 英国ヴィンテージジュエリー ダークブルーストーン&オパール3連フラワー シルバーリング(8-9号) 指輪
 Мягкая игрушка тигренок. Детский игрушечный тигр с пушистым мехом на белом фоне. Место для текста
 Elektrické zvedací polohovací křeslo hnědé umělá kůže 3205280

--

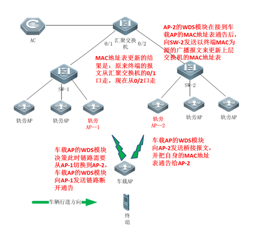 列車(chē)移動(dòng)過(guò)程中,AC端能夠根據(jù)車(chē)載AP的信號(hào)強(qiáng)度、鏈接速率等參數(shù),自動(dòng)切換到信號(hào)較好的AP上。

• [The problem] Print, from the entries above, the line with "英国ヴィンテージジュエリー ダークブルーストーン&オパール3連フラワー シルバーリング(8-9号)", the line with "Elektrické zvedací polohovací" and all lines between them, exactly and with nothing else.

• [Finished task]
 英国ヴィンテージジュエリー ダークブルーストーン&オパール3連フラワー シルバーリング(8-9号) 指輪
 Мягкая игрушка тигренок. Детский игрушечный тигр с пушистым мехом на белом фоне. Место для текста
 Elektrické zvedací polohovací křeslo hnědé umělá kůže 3205280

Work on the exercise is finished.